Les racines de toutes les espèces épiphytes tendent à être fort longues, ce qui confirme les difficultés de ce mode de vie aérien ; elles ont une grosseur uniforme sur toute leur longueur. Elles peuvent être plutôt fines et nombreuses, capables de coloniser tout le volume du pot, comme celles de nombreuses Oncidiineae, des Dendrobium, Lycaste, Anguloa, Maxillaria, etc ; ou bien épaisses et éventuellement moins denses, comme celles de nombreuses Vanda ou Phalaenopsis. Le compost doit s’adapter à ce calibre : plus la racine est épaisse, plus le substrat doit être ouvert, drainant, aéré. Leur longueur (plusieurs mètres chez des Vanda) impose parfois de les cultiver en suspension ; chez les grandes épiphytes, la masse des racines pendantes peut représenter jusqu’aux deux tiers de la masse totale de la plante. A l’inverse, quelques espèces comme Osmoglossum pulchellum ont un système racinaire quasi inexistant, et devront être installées dans un pot pas trop profond et bien drainé ; elles préféreront aussi ne pas être dérangées.

 

Vie et mort des racines ; la question du rempotage.
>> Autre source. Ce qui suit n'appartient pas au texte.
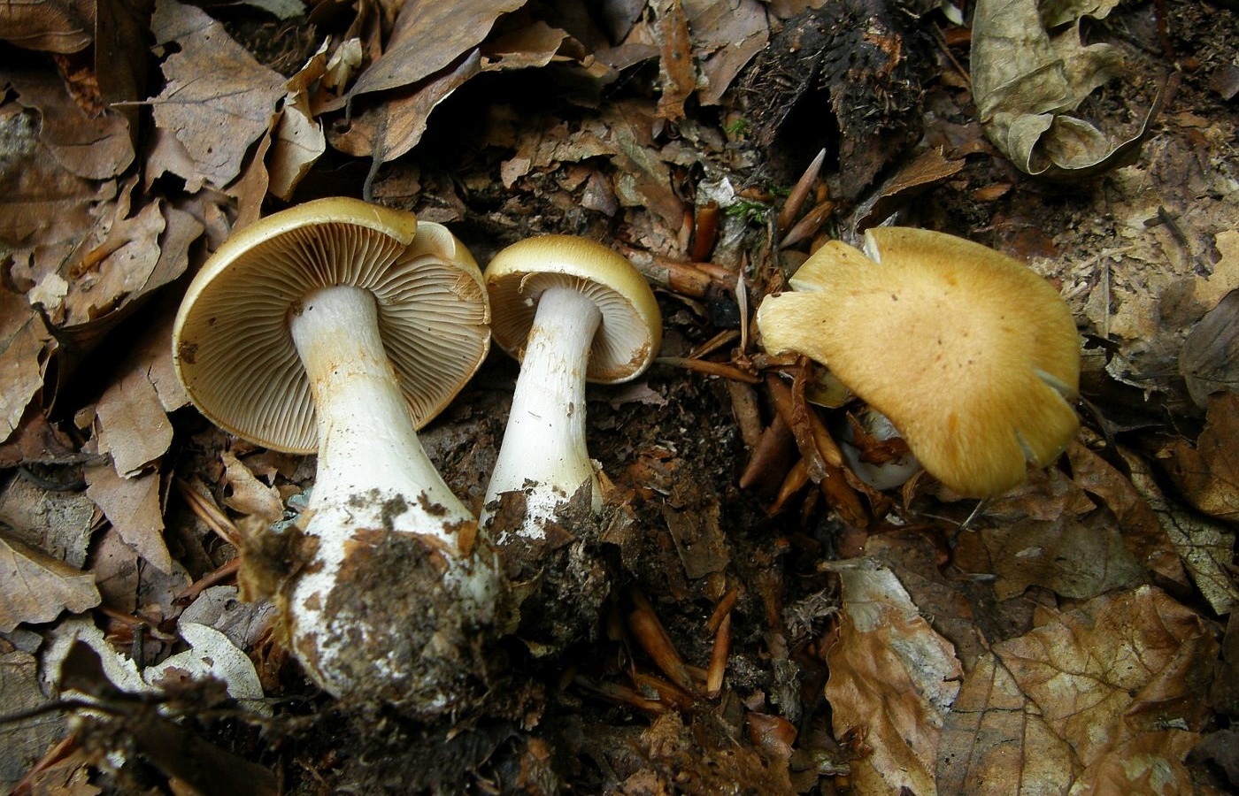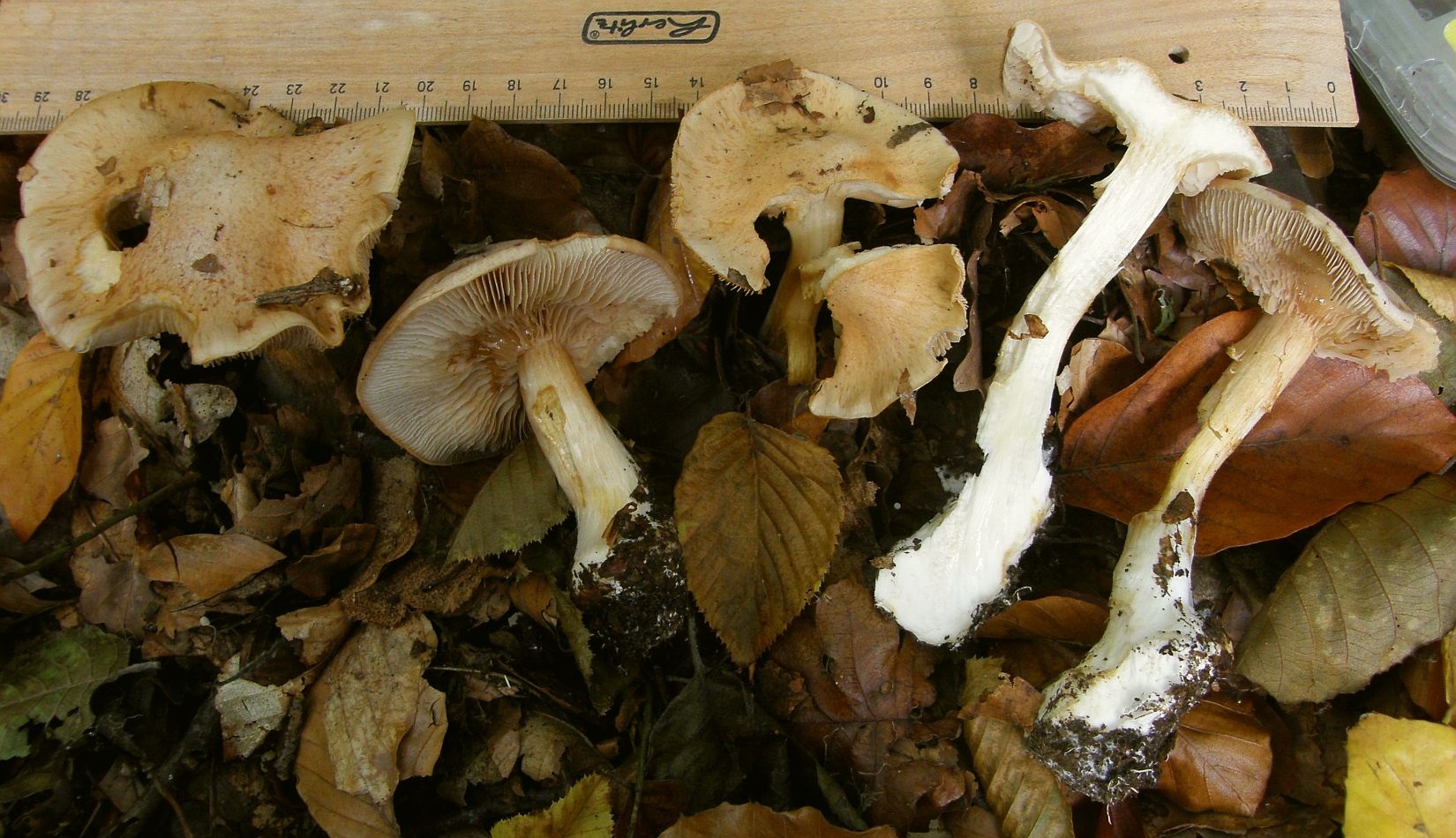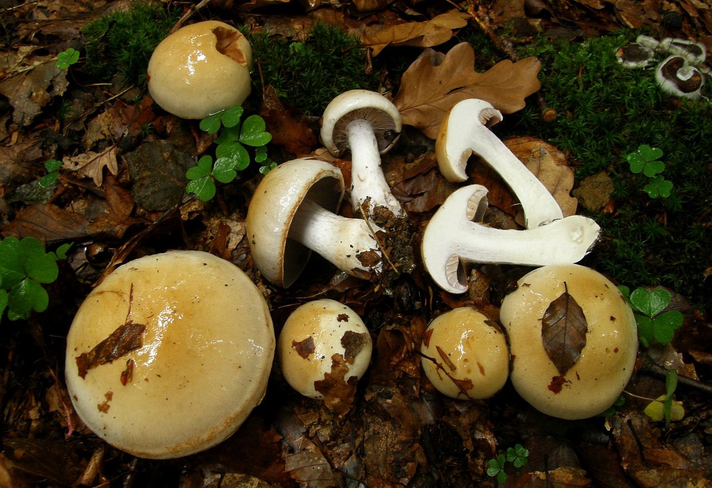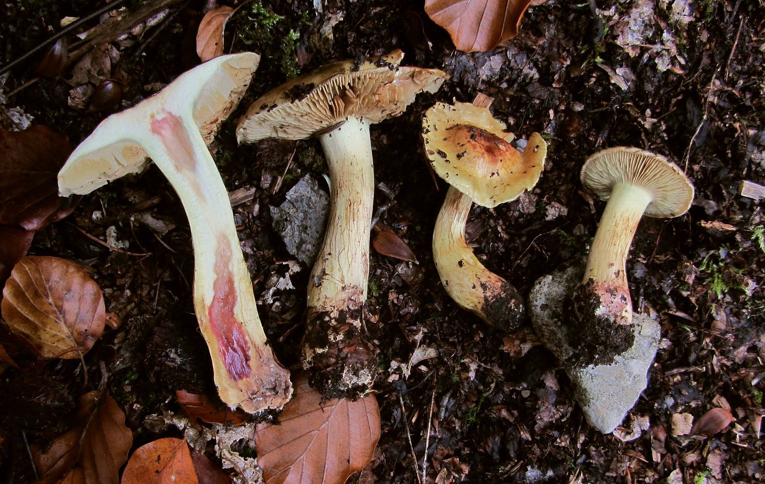 Wir haben zuerst nach gelbhütigen "Hebelomas" (Fälblingen) gesucht, aber konnten keine Art mit ähnlichen Merkmalen finden - suchen wir vielleicht an der völlig falschen Stelle? Was für uns für Hebeloma spec spricht: Ausgebuchtet angewachsenen Lamellen, Stiel und Lamellen annähernd mit der gleichen Farbe, das bräunliche Sporenpulver, die verdickte Stielbasis.

Les racines en croissance présentent une extrémité translucide et brillante, brunâtre, rougeâtre ou verte ; au fur et à mesure de leur allongement, les cellules de l’épiderme en amont meurent et forment les couches du précieux velamen, qui apparaît gris et mat quand il est sec, et vert brillant quand il est chargé d’humidité. Un bon indicateur pour éviter les surarrosages.

Une racine qui ne présente plus d’extrémité active a cessé de pousser, mais elle continue à jouer pleinement son rôle d’absorption et de respiration. Il ne faut donc surtout pas la couper. Même si sa croissance est arrêtée, elle peut rester active au moins un an encore, parfois plus.

 

A la longue, les racines pourrissent ou se dessèchent ; le velamen brunit, se décompose et part en lambeaux, laissant apparaître le cordon central. Même dégarni, ce « câble » intérieur peut encore continuer à fonctionner quelque temps, et même engendrer une ramification vivante. Mais à ce stade, il est préférable de le couper. On le tranchera nettement, à la base ; on peut ménager éventuellement les tronçons encore sains les plus proches de la plante.

Chez les sympodiales cultivées en pot, la vieille masse racinaire dégradée est parfois imposante, quand les rempotages ont été trop espacés ; il ne faut pas hésiter à en retirer beaucoup. D’abord parce que tout conserver obligerait à utiliser des pots beaucoup trop larges par rapport aux besoins réels de la plante ; également, parce qu’il est très difficile de nettoyer puis de regarnir de compost frais un chignon trop dense ; ensuite, parce que la plupart des anciennes racines sont vouées à dépérir à moyen terme ; enfin, parce que de toute façon, la plante les renouvelle partiellement  chaque année, avec le développement des nouveaux pseudobulbes. Mieux vaut donc tailler dans la masse, raccourcir les trop longues … et laisser à la plante la place nécessaire à sa future croissance.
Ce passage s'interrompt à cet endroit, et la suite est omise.